Their worth and the IoT, however, is more than nest-deep. Attracting residents is one selling point, but the behind-the-scenes IoT is another that’s just as big.

That’s a conversation that RealPage Senior Vice President Jason Lindwall recently had with a client over lunch. When a twinkle transformed into doubt over the return on the smart devices, the discussion took a different turn.

“The way you really to need to look it is from an asset management perspective, not just an amenity perspective,” said Lindwall, who has more than 24 years of building and developing technology centers. “When you look at it from asset management perspective, there are some significant savings that you can create.”

He points to a model of building management systems that commercial real estate properties have used for years. Systems have allowed identification of mechanical issues, better utility management and water leak detection that aren’t always visible.

The benefit is driving down management costs as well as extending the life of mechanical systems through proper preventative maintenance, Lindwall says. And multifamily can enjoy the same through the IoT.

Lindwall will be among panelists who will talk about what the IoT can do for multifamily in April at the Texas Apartment Association’s Education Conference & Expo in San Antonio. He says leveraging connectivity gives properties a one-two punch of resident amenities and better ability to control costs in several areas.

Managing vacant units by controlling HVAC systems and lights

One of the biggest benefits is reducing vacant unit costs. Through connected thermostats and lights, managers can monitor energy costs when units are being remodeled or on the market.

“When you have connected thermostats and lights, you can manage these in a central dashboard which allows the ability to reduce the costs of these utilities and minimize runtime of those appliances,” Lindwall said. “They’re an easy addition to any unit and the ROI is easy to calculate.”

As a side note, management also can understand the resident profile through usage data that the connected devices provide. And, renters can program devices and be alerted or check in on them to keep their energy costs lower. For example, the resident can see that the HVAC system is running unnecessarily while away and make an adjustment, which lowers consumption and ultimately reduces wear and tear on the system.

Identifying potential issues with airflow that can cost big

Monitors can check airflow in a resident’s unit or in common areas. Using data collected by these devices, the property can determine how long it takes to cool or heat an area.

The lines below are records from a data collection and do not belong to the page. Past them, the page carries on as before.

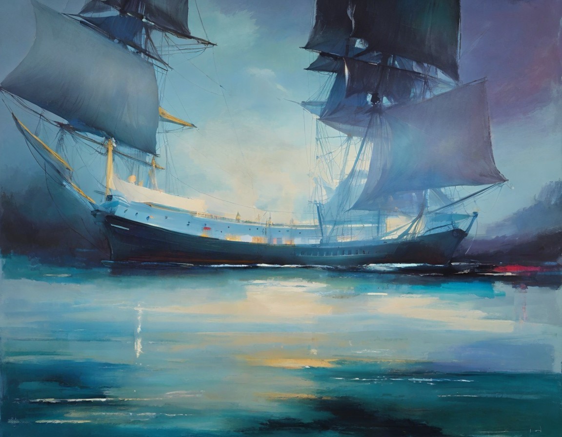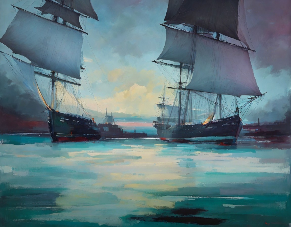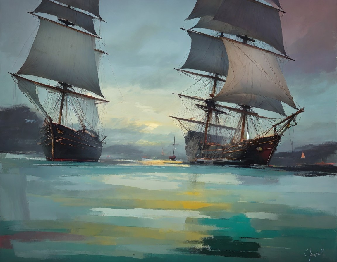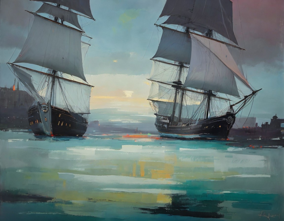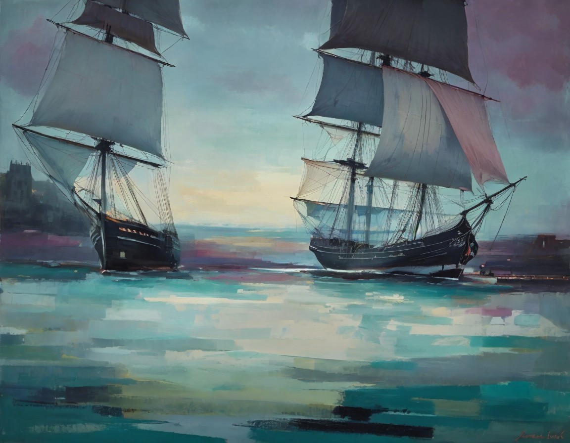 Two tall ships with full sails navigate serene waters with a soft-hued sky and distant cityscape.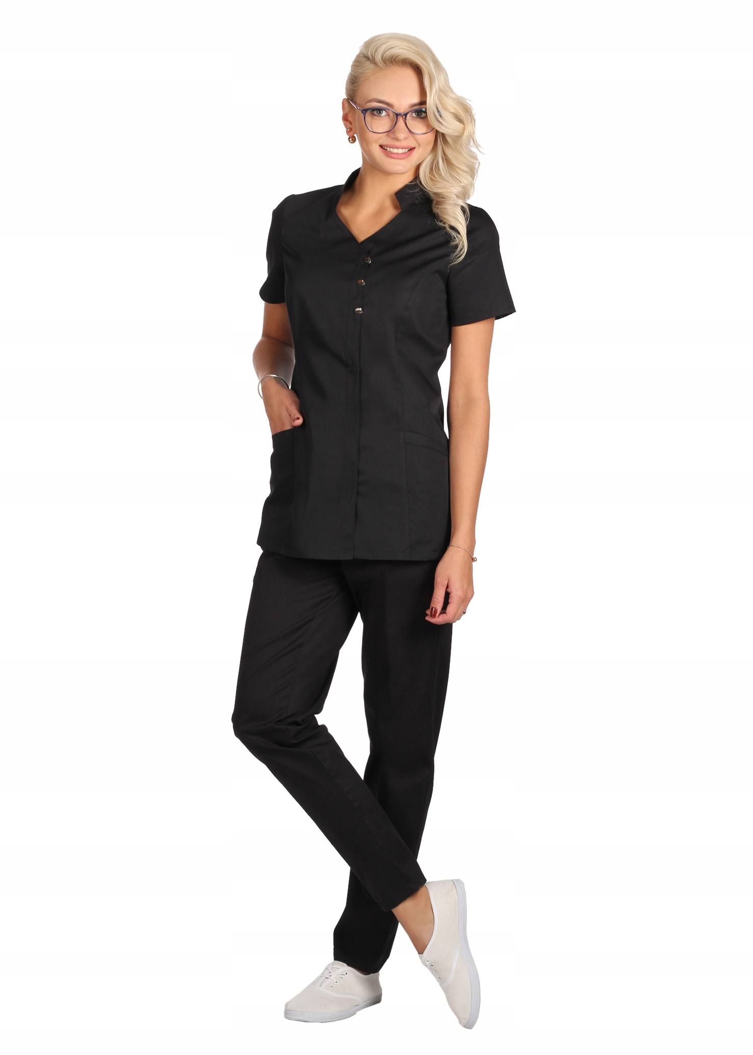 Медична або косметична куртка найкраще поєднується з вузькими брюками. Декоративних застібок 3, решта приховані під вертикальною смужкою для схуднення. Французькі розрізи спереду формують жіночий силует. Дві кишені (тут пропонуємо розмістити логотип компанії або флок.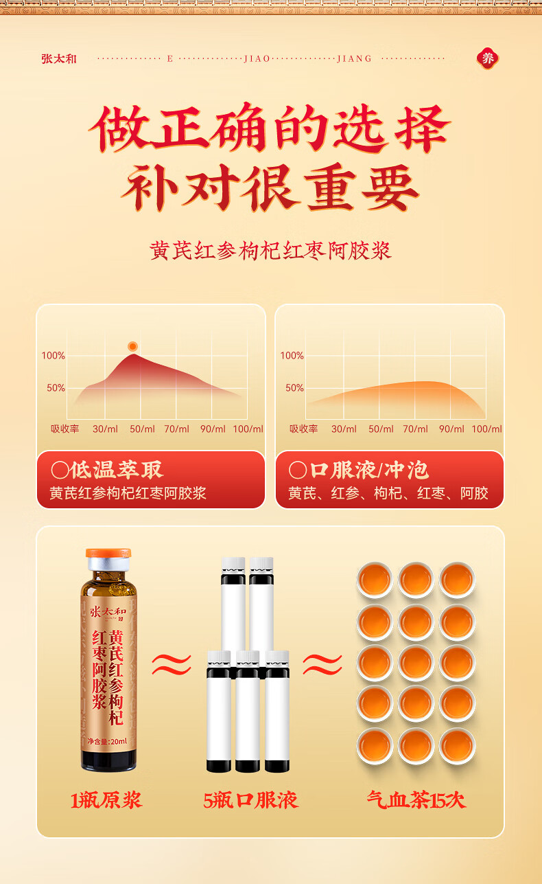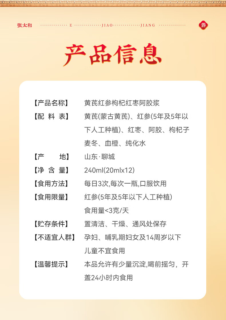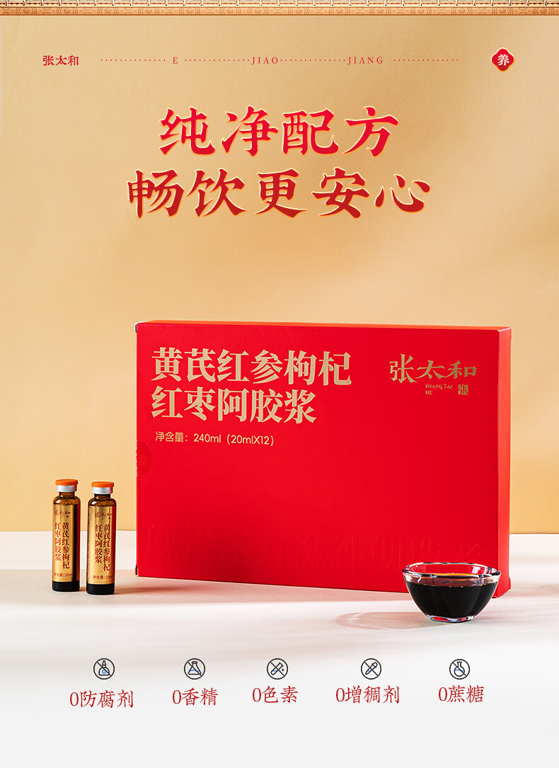 张太和黄芪红参枸杞红枣阿胶浆240ml(20ml*12)阿胶口服液阿胶饮滋补好礼 黄芪红参枸杞红枣阿胶浆240ml/盒*2盒送礼袋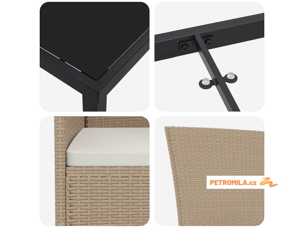 - Materiály, suitable for co něco vydrží: Set je vyrobený z polyratanu a práškově lakované oceli, které jsou známé svojí pevností. Polyratan má hladký, tkaný povrch, suitable for co dlouho vydrží, a ocel poskytuje solidní oporu. Nevybledne, nedeformuje se a nekoroduje, takže víš, že tu bude léta. Navíc, tyhle materiály znamenají, že se o údržbu nemusíš moc starat.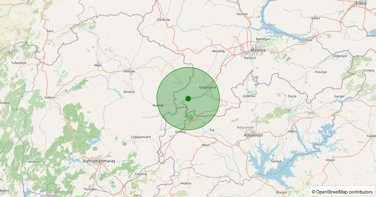 Son 7 gün içinde Doğanşehir - Küçüklü noktasından 100 km yarıçap içerisinde meydana gelen diğer depremler:

“This can be very helpful in identifying issues with HVAC systems,” Lindwall said. “If the airflow of a system reduces we can first identify when the last time the air filter was changed. Using an airflow monitor tells the asset manager when to change the filter, making sure proper airflow within the systems are not inhibited by the filter. This can reduce freezing of HVAC systems prolonging the life of the system.”

The data also can identify possible condenser issues, which can potentially minimize hefty repair expenses.

Leak detection devices can eliminate significant damage

IOT-based leak detection devices along with an automated water shutoff valve can reduce the trickle-down effect of plumbing leaks caused by a faulty water heater. Several devices on the market support multifamily applications, Lindwall said.

He added that preventing a leak that damages several units on more than one floor could be significant in terms of repair costs.

Electronic door locks reduce accessibility issues

One of the most common smart devices, door locks are not only a nice amenity for residents but offer convenience for the maintenance and office staffs. Maintenance technicians can access units through their mobile devices and notify residents that they are in the unit.

“They no longer have to go back and forth for keys,” Lindwall said. “This allows much more efficiency of work orders.”

Connectivity to weather data conserves on outdoor water use

IoT-based sprinkler systems effectively manage water usage through evapotranspiration control using weather patterns and data received from weather information sites. Sensors monitor precipitation and support the amount and how much a system runs, avoiding the unwanted situation where the sprinklers are running and it’s pouring rain. Or they come on, as scheduled, when the ground is already wet.

“We are seeing these systems now move into the commercial and multifamily space creating much needed conservation in this area,” Lindwall said.